Name and year are not hard-coded in @hauleth’s solution. Those are variables assigned via pattern-matching, a very common syntax in Elixir.

The reason it’s not producing your expected output, is that both of the examples given have the same maximum value of 2. There is nothing in your requirements which would expect the [2, 2] list to be preferred over the [1, 2] list.

Also, you could consider “cleaning up” the data by converting it into a more easily accessible data structure, before attempting the comparison.

1 Like

What do you consider a duplicate here? The way I am seeing both {elixir, 2020} groups of data, even the u values aren’t the exact same lists of other values.

I did a quick prototype of how one might implement this manually:

defmodule Test do
  def unique(todo, seen \\ %{})

  def unique([], seen), do: Map.values(seen)

  def unique([h | t], seen) do
    {language, year, map} = h
    prev_best = Map.get(seen, {language, year})

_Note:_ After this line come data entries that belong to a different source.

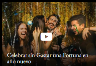
Video: Celebrar sin Gastar una Fortuna en año nuevo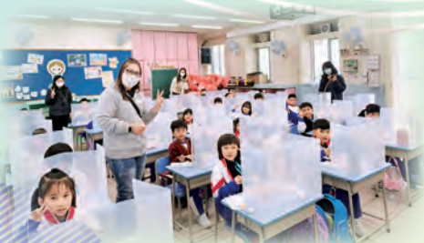
家長義工到課室協助低年級學生進行午膳。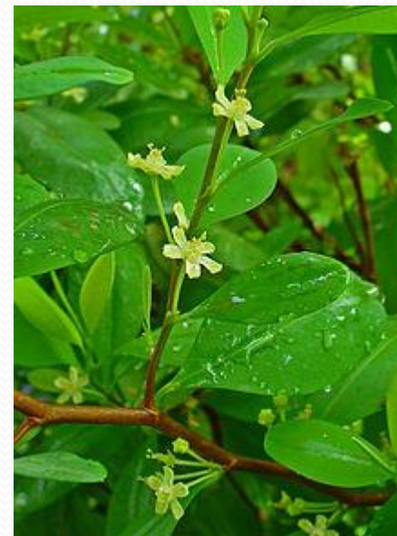
Rudodřev koka, zdroj přírodního kokainu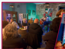
Concert de B'Art Bellamure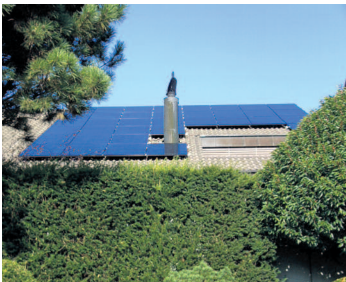
PV-Anlage von Daniel Schwitter

Nach dem Start Ende Februar 2016 waren innert kürzester Zeit 28 Plätze für eine Beratung vergeben. Die Bilanz ist erfreulich; insgesamt wurden bisher 9 Photovoltaik-Anlagen (PV-Anlagen) realisiert; davon 8 auf Einfamilienhäusern (EFH) und eine auf einem Mehrfamilienhaus (MFH). Die Zeichen der Zeit wurden erkannt und man will aktiv zur umweltfreundlichen Energiewende beitragen. Die Herrliberger sind aber auch aus guten Gründen fortschrittlich eingestellt – es gibt nur wenige Gemeinden, die PV-Anlagen so grosszügig unterstützen.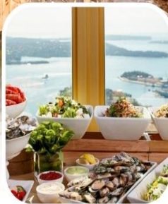
SKYFEAST BUFFET SYDNEY TOWER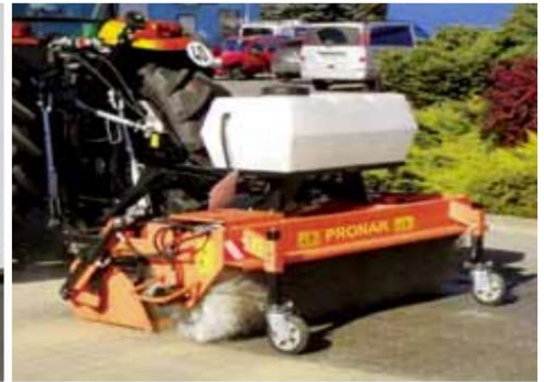
Sprinkler system reduces dust and particulate emissions.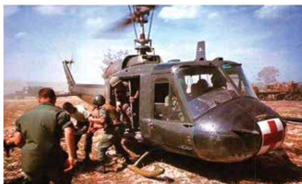
Figura 5: Bell UH-1 "Huey".

O helicóptero Bell UH-1 "Huey" (Figura 5), era grande o suficiente para transportar vários pacientes, além de um paramédico para fornecer cuidados básicos de trauma a caminho do hospital. O heroísmo das equipes de "Dustoff", que frequentemente voavam entre as linhas de tiro, tinham o honroso propósito de resgatar soldados, fuzileiros e aviadores feridos. Foram reconhecidos mundialmente por seus atos de bravura. A atuação das equipes de MEDEVAC tinha como foco, proporcionar o tratamento cirúrgico adequado e rápido. Razão pela qual a mortalidade no campo de batalha no Vietnã, foi muito menor em comparação com as guerras em períodos anteriores.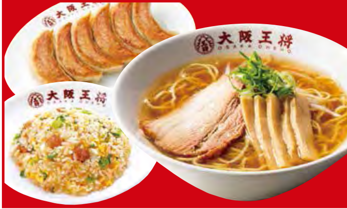
王将セット 1,210円 税込 ・餃子1人前・醤油ラーメン・五目炒飯(小)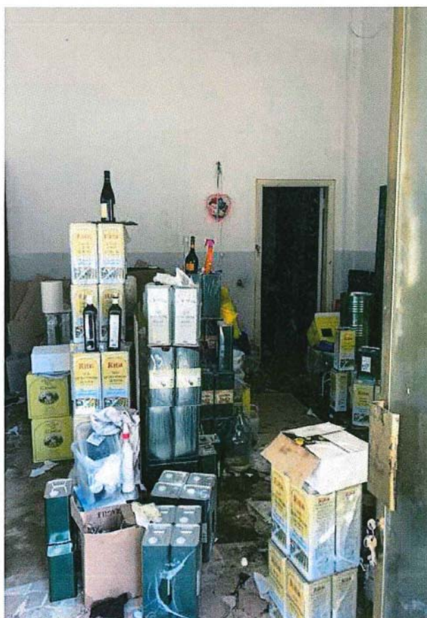
Vista del locale all'ingresso (deposito confezione olio oggetto di attività di vendita)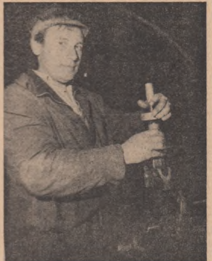
Perforatoarele pentru maramureșeni care lucrează în subteran sînt puse la punct de către maramureșeni care lucrează la suprafață...

    if is_nil(prev_best) or check_max_value(map) >= check_max_value(elem(prev_best, 2)) do
      new_seen = Map.put(seen, {language, year}, h)
      unique(t, new_seen)
    else
      unique(t, seen)
    end
  end

  def check_max_value(map) do
    {_, _, value} = Enum.max_by(map.values.u, &elem(&1, 2))
    value
  end
end

Like I mentioned above, checking by maximum value alone might not always give the expected result, so you might need to tweak this. In order to get your desired result from the example data, I used >= comparison so that the latter item would override the former in case of a tie. But I suspect this might not be sufficiently robust for all cases.

The requirements are not clear.

Thats always a good idea.
For example: why is there a map with only one key?
Also nested data is often a pain in the ***.

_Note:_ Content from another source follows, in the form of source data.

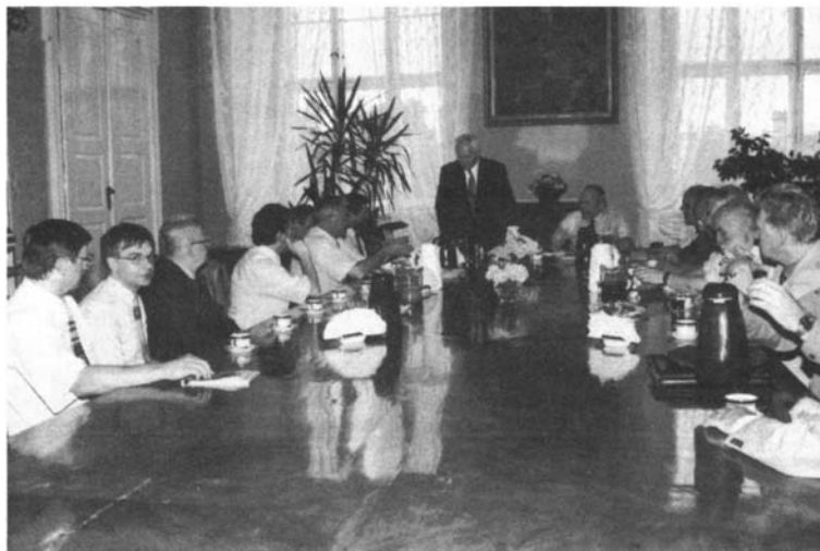
Spotkanie ministra Mirosława Handkego z Kolegium Rektorów Uczelni Wrocławia i Opola

W podsumowaniu minister Handke wyraził opinię, że projekt nowej ustawy sankcjonuje cały szereg trendów, które obserwuje się obecnie w szkolnictwie wyższym, niektóre z nich ekstrapolując, a co do niektórych notując status quo. W bardzo niewielu miejscach jest rewolucyjna, a więc zdaniem Ministra ma duże szanse na powszechną akceptację w środowisku. W ustawie tej widać doświadczenia obydwu profesorów-autorów tego projektu ustawy zdobyte przy pełnieniu funkcji rektora oraz ich przygotowanie prawnicze.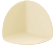
HIFAX (slonová kost)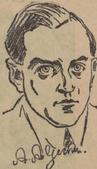
Dr. Aljechin, synny szachista w tych dniach przybędzie do Łodzi. (H)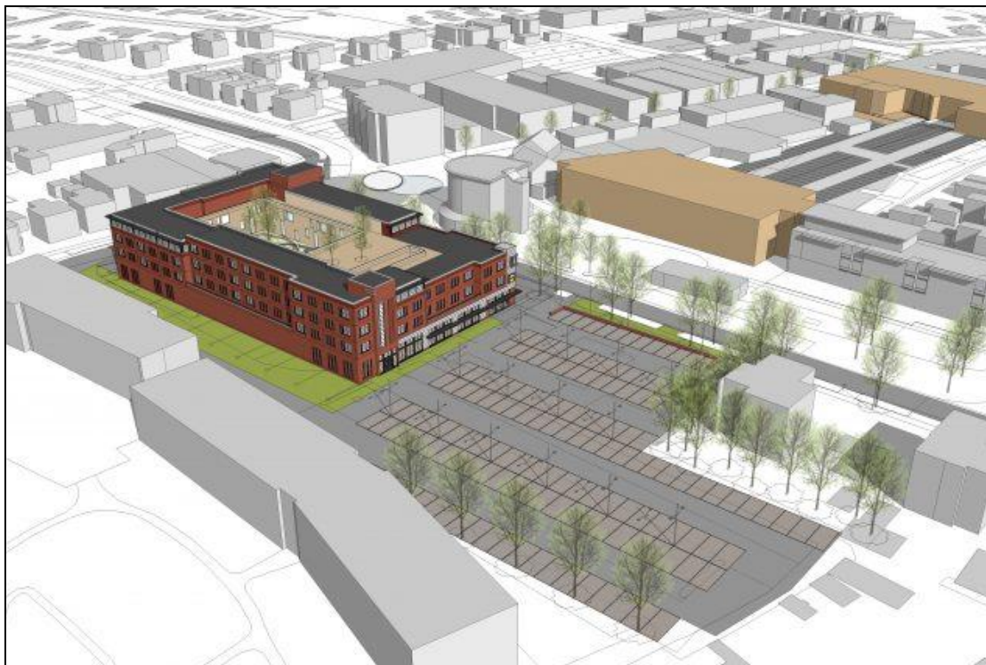
Figuur 3. Impressie van de plansituatie op de hoek van de Dertien Aprilstraat en de Snellingerdijk te Oosterwolde.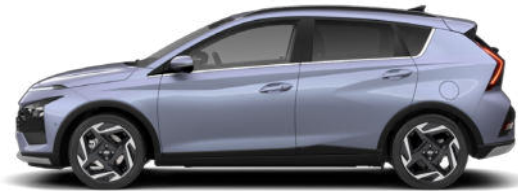
Meta Blue Pearl Kontrastdach verfügbar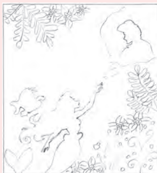
ありさ●まますんの1番下の娘「ありさちゃん」が書きました。

私は課の紹介が一番楽しみです。何年かおきなんだろうけど課の紹介楽しみにしています。 ペンネーム ありさ●まますんより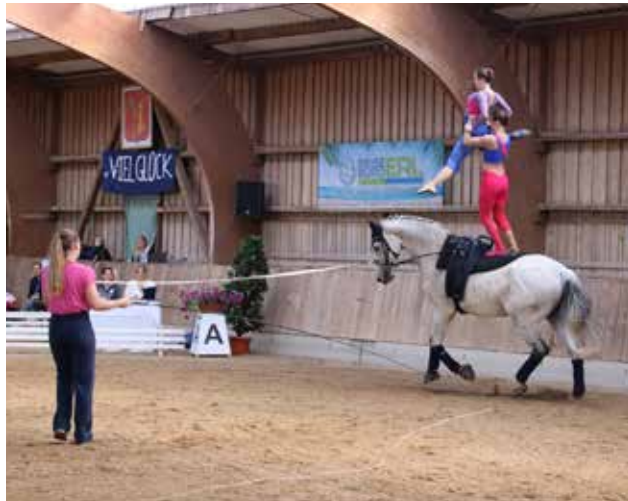
Die Doppel-Voltigierinnen des VuPSG Poxdorf auf der Fränkischen Meisterschaft 2024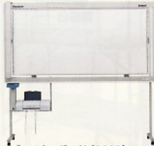
コピーボード (1800) (インクカートリッジ別売) H1860×W2000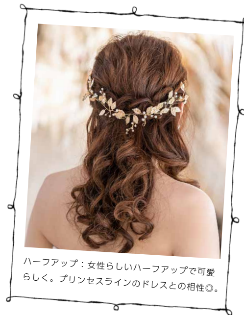
ハーフアップ：女性らしいハーフアップで可愛 らしく。プリンセスラインのドレスとの相性◎。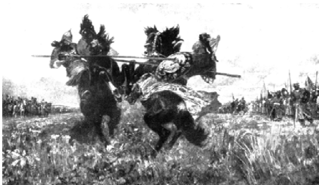
Поединок Пересвета с Челубеем. С картины М.И. Авилова

Покрепче перехватив свое оружие, ринулся ему навстречу Пересвет.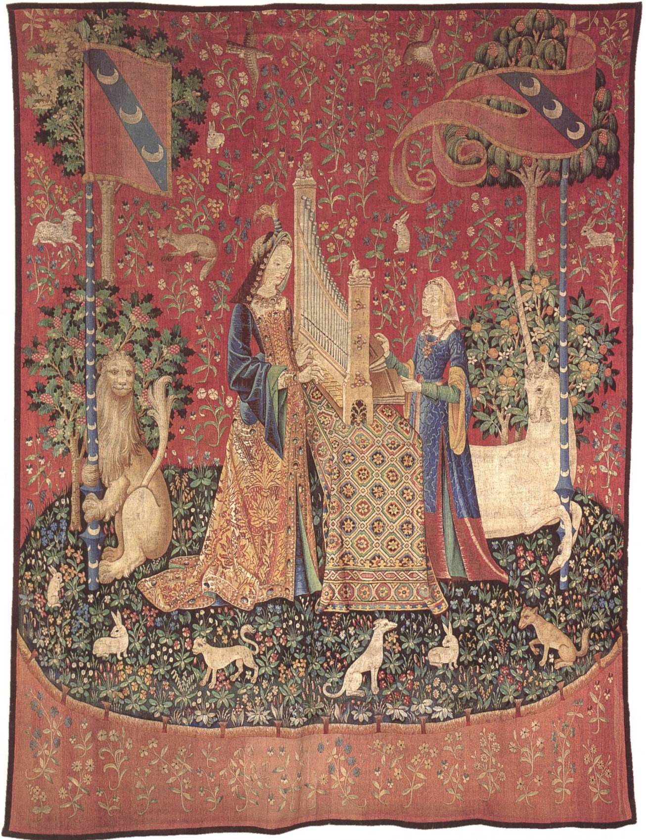
Abb. 3 Der Geruch/L'Odorat (86 E 5247)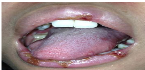
Gambar 3. Ulser pada lateral lidah

Pasien juga mengeluh adanya sariawan pada lidah dan langit-langit rongga mulut yang membuat pasien kesulitan menelan (Gambar 3).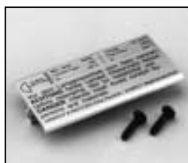
L4.79212.E Bottom plate silver Bodenblech silber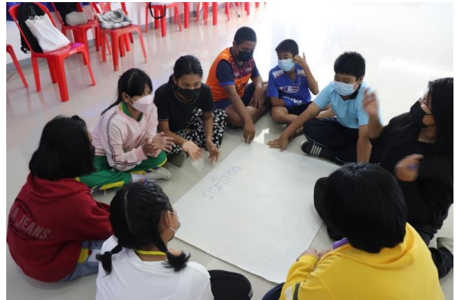
การทำกิจกรรมกลุ่มเพื่อร่วมกันหาปัญหาที่เกิดกับเด็กและเยาวชนและแนวทางแก้ไขปัญหา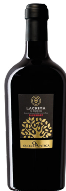
LACRIMA DI MORRO DOC SUPERIORE

Varietà Vitigni: Montepulciano, Cabernet Sauvignon, Merlot, Syrah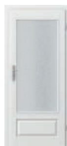
ROYAL geam mare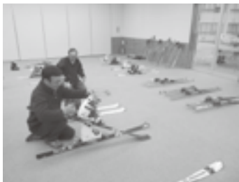
こりゃ上等なもんばっかりくれちゅうね～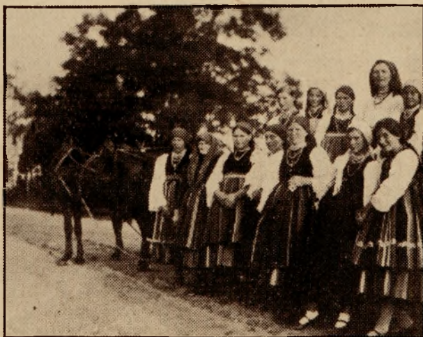
Jedziemy na wycieczkę.

dyń Wiejskich pracują pielęgniarki społeczne, jako instruktorki zdrowia.

Thanks for such a valuable response. Actually by hard coded i mean that the parameters won’t always be name and year. It can be one or more arguments.

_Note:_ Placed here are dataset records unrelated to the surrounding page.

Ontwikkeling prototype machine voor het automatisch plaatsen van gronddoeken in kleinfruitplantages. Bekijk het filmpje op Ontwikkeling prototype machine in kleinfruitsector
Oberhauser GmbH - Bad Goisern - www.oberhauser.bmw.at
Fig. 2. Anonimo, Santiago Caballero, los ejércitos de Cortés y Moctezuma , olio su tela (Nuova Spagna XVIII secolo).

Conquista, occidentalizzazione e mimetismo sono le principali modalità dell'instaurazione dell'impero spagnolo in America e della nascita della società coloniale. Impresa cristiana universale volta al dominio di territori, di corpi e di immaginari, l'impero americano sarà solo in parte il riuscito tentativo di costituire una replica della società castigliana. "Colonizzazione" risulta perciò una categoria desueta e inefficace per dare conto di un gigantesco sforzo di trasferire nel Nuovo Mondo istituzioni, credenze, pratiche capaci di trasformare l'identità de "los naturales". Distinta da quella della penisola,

The difference between [2, 1] and [2, 2] is that the later is the updated value of r1 hence updating it by + 1.

which structure would be more accessible, should i use Keyword Lists or Structs. Kindly help me on that.

Thanks

Actually by hard coded i mean that the parameters won’t always be name and year. It can be one or more arguments.

When you use tuples, you are saying that the data format (e.g. number of arguments) will always be the same. If you plan on having additional arguments, you should be using a List, or preferably a Map/Struct so anyone else reading your code can easily see what the values are supposed to represent.

The difference between [2, 1] and [2, 2] is that the later is the updated value of r1 hence updating it by + 1.

If r is being incremented, you should not use atoms for this, but an Integer.

which structure would be more accessible, should i use Keyword Lists or Structs. Kindly help me on that.

Some of your key names are ambiguous - like, I have no idea, what values.u means, or what :b signifies, and I’m only just now learning the significance of :r1, :r2 etc… So it’s difficult for me to say what specifically would be the best way to structure your data, but here is a try:

%{
  language: "Elixir",
  year: 2020,
  user_values: [
    %{type: "b", revision: 2, value: 1}
    %{type: "b", revision: 3, value: 2},
  ],
  other_param: "foo",
  status: true
}

and here is the code I gave above, updated for this structure:

defmodule Test do
  def unique(todo, seen \\ %{})

  def unique([], seen), do: Map.values(seen)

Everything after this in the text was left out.